(Your goal) From the listing below, copy only the lines from the line that contains "100 Mandala Patterns" to the line that contains "De Calthea Medallion", counting those two lines as part of the copy.

(Information provided)
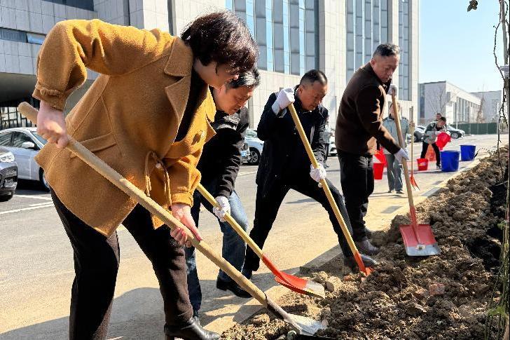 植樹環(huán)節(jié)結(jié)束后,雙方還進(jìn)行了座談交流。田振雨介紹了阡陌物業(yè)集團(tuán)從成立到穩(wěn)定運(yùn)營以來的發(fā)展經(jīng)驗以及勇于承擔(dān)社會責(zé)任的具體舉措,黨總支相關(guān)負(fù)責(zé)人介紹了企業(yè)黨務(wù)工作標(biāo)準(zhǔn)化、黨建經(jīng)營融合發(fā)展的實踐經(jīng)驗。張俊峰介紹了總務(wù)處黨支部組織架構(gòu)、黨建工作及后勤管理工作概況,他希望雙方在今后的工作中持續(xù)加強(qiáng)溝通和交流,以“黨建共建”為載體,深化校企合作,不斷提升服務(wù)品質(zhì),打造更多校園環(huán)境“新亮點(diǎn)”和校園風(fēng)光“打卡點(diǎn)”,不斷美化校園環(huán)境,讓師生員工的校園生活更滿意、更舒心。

* * *

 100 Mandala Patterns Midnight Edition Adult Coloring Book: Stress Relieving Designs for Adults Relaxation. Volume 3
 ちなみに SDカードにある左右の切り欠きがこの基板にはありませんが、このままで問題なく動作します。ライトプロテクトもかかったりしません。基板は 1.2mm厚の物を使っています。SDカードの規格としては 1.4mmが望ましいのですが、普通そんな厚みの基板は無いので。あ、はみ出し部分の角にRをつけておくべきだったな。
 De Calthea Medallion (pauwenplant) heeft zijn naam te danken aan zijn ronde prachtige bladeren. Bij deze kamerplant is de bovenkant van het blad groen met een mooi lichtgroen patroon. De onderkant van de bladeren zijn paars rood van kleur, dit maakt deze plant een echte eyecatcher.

(Solution to the exercise)
 100 Mandala Patterns Midnight Edition Adult Coloring Book: Stress Relieving Designs for Adults Relaxation. Volume 3
 ちなみに SDカードにある左右の切り欠きがこの基板にはありませんが、このままで問題なく動作します。ライトプロテクトもかかったりしません。基板は 1.2mm厚の物を使っています。SDカードの規格としては 1.4mmが望ましいのですが、普通そんな厚みの基板は無いので。あ、はみ出し部分の角にRをつけておくべきだったな。
 De Calthea Medallion (pauwenplant) heeft zijn naam te danken aan zijn ronde prachtige bladeren. Bij deze kamerplant is de bovenkant van het blad groen met een mooi lichtgroen patroon. De onderkant van de bladeren zijn paars rood van kleur, dit maakt deze plant een echte eyecatcher.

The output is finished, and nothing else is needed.